[MATERIAL PROVIDED — start]
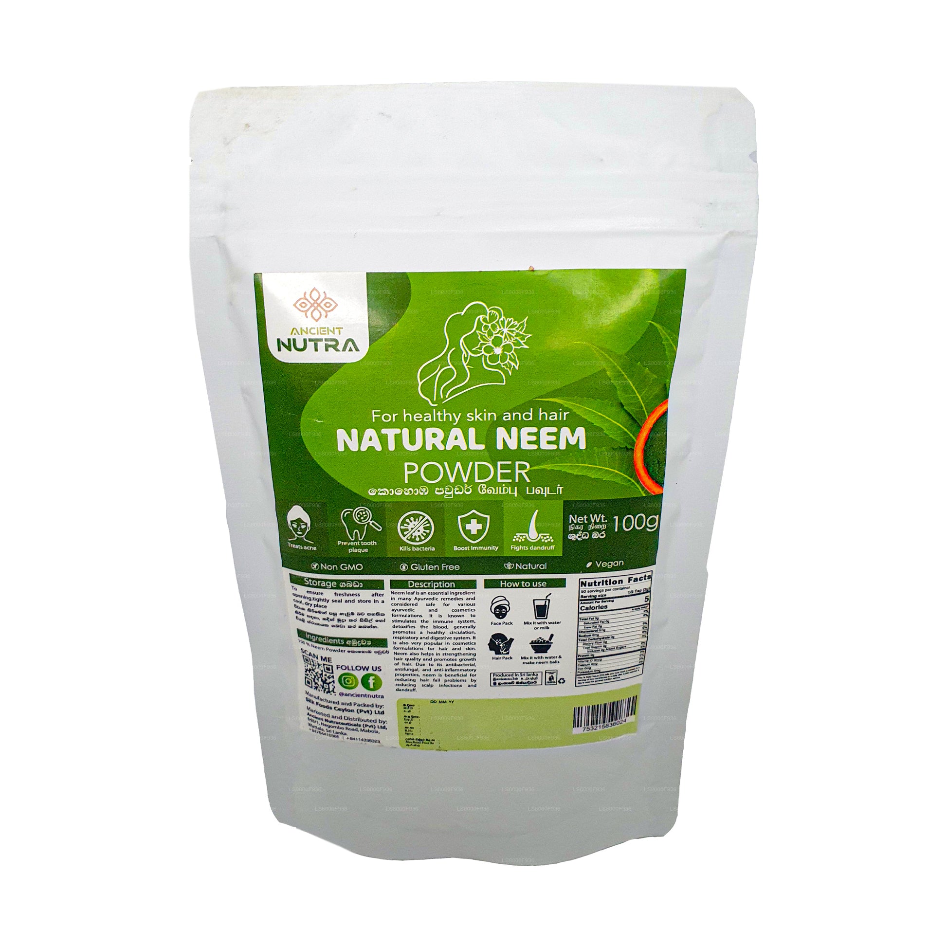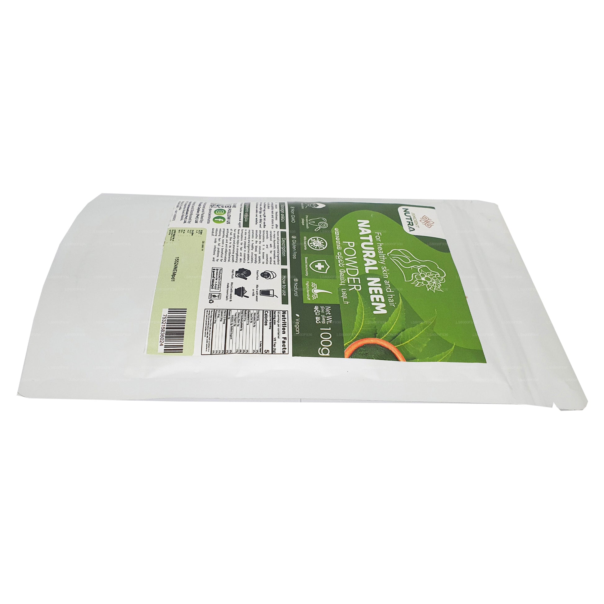 (SKU: LS8000F936) Discover the power of Ancient Nutra Neem Powder (100g). Derived from the revered neem tree, this premium powder encapsulates centuries of holistic wellness. Packed with natural nutrients and antioxidants, it offers a myriad of benefits for skin, hair, and overall health. With its finely ground consistency, the neem powder is versatile, allowing it to be effortlessly incorporated into skincare routines, hair treatments, and dietary supplements. Experience the time-honored secrets of Ayurveda in this convenient 100g pack, promoting vitality from the inside out. Embrace the goodness of neem, cherished through the ages, for a rejuvenated and nourished self.
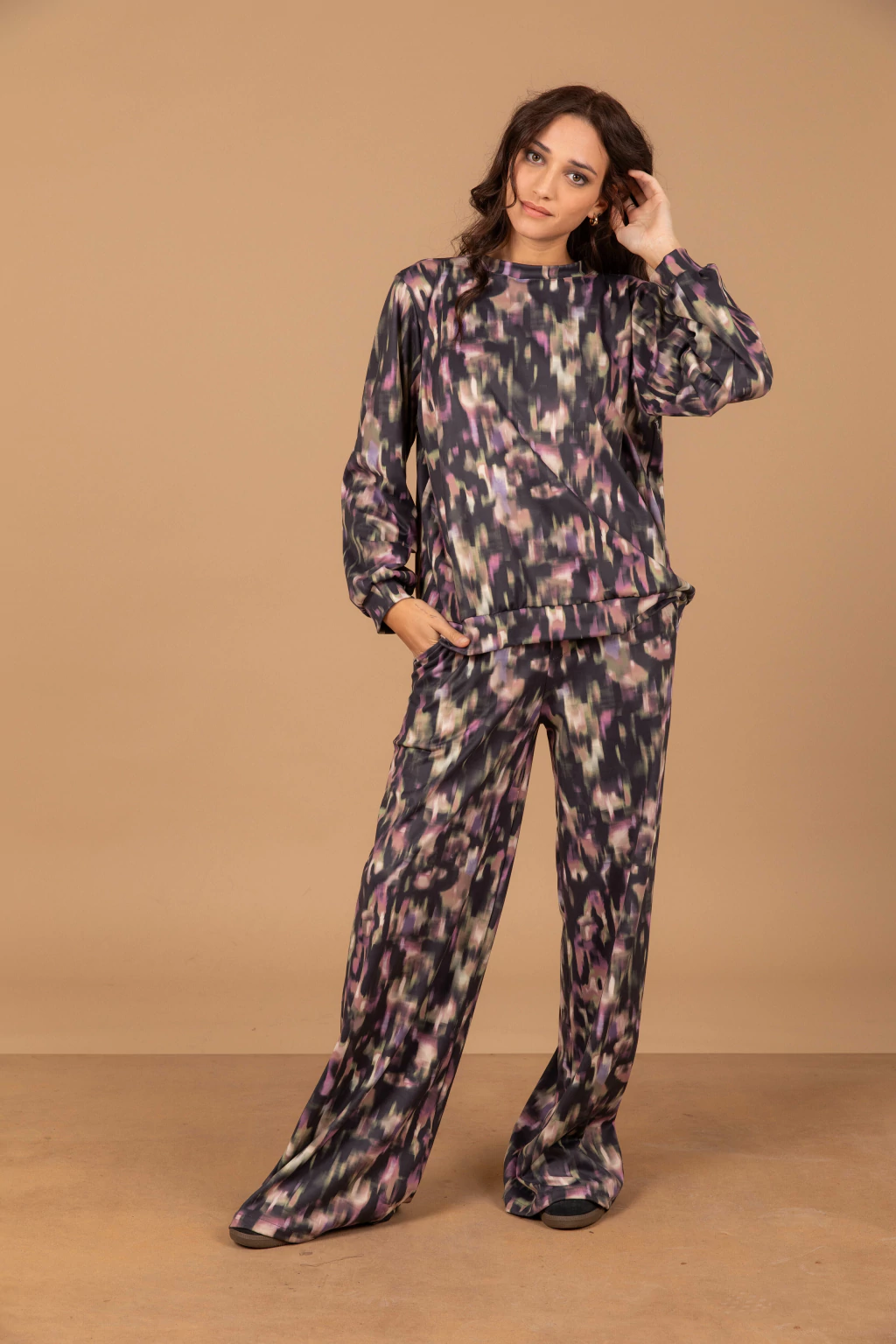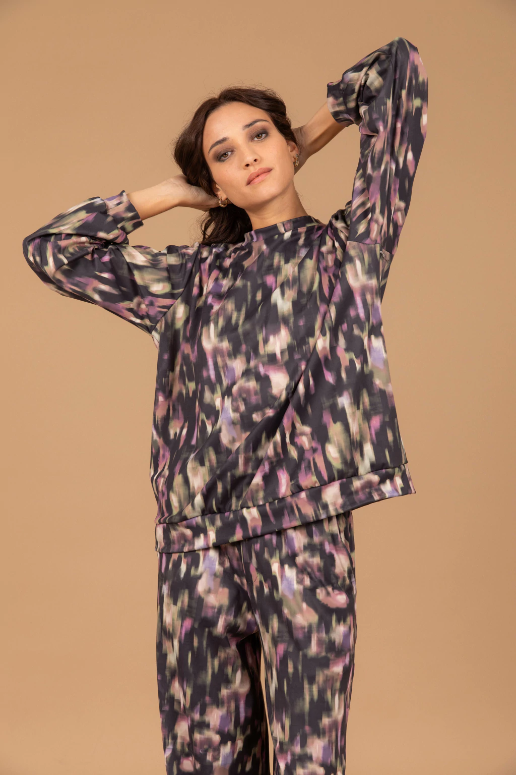 El buzo Cenit es de scuba estampado (estampa propia anna&cherise) el material es suave y tiene peso, abrigado ideal para el otoño invierno y estar canchero.
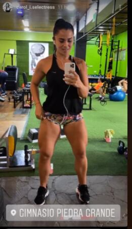 Carol subió una historia a su cuenta de Instagram mostrando las tucas que se maneja, por lo que más de uno quedó con la boca abierta porque los músculos que se le ven no se obtienen fácilmente, menos en una parte del cuerpo a la que mucha gente no le gusta trabajar en el gym.
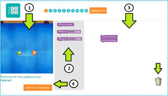 1. Левая часть экрана - это лабиринт, в котором будет работать программа из блоков. Инструкции для каждой головоломки написаны под лабиринтом
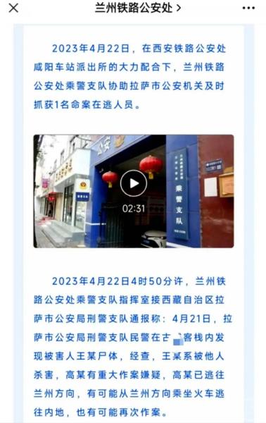 认证为“兰州铁路公安局兰州公安处”的微信公众号“兰州铁路公安处”4月26日发布的消息称:4月22日,兰州铁路警方协助拉萨警方及时抓获一名命案在逃人员。
[MATERIAL PROVIDED — finish]
EXERCISE AIM: Restate the whole listing above exactly, please, omitting every image.

YOUR SOLUTION:
 (SKU: LS8000F936) Discover the power of Ancient Nutra Neem Powder (100g). Derived from the revered neem tree, this premium powder encapsulates centuries of holistic wellness. Packed with natural nutrients and antioxidants, it offers a myriad of benefits for skin, hair, and overall health. With its finely ground consistency, the neem powder is versatile, allowing it to be effortlessly incorporated into skincare routines, hair treatments, and dietary supplements. Experience the time-honored secrets of Ayurveda in this convenient 100g pack, promoting vitality from the inside out. Embrace the goodness of neem, cherished through the ages, for a rejuvenated and nourished self.
 El buzo Cenit es de scuba estampado (estampa propia anna&cherise) el material es suave y tiene peso, abrigado ideal para el otoño invierno y estar canchero.
 Carol subió una historia a su cuenta de Instagram mostrando las tucas que se maneja, por lo que más de uno quedó con la boca abierta porque los músculos que se le ven no se obtienen fácilmente, menos en una parte del cuerpo a la que mucha gente no le gusta trabajar en el gym.
 1. Левая часть экрана - это лабиринт, в котором будет работать программа из блоков. Инструкции для каждой головоломки написаны под лабиринтом
 认证为“兰州铁路公安局兰州公安处”的微信公众号“兰州铁路公安处”4月26日发布的消息称:4月22日,兰州铁路警方协助拉萨警方及时抓获一名命案在逃人员。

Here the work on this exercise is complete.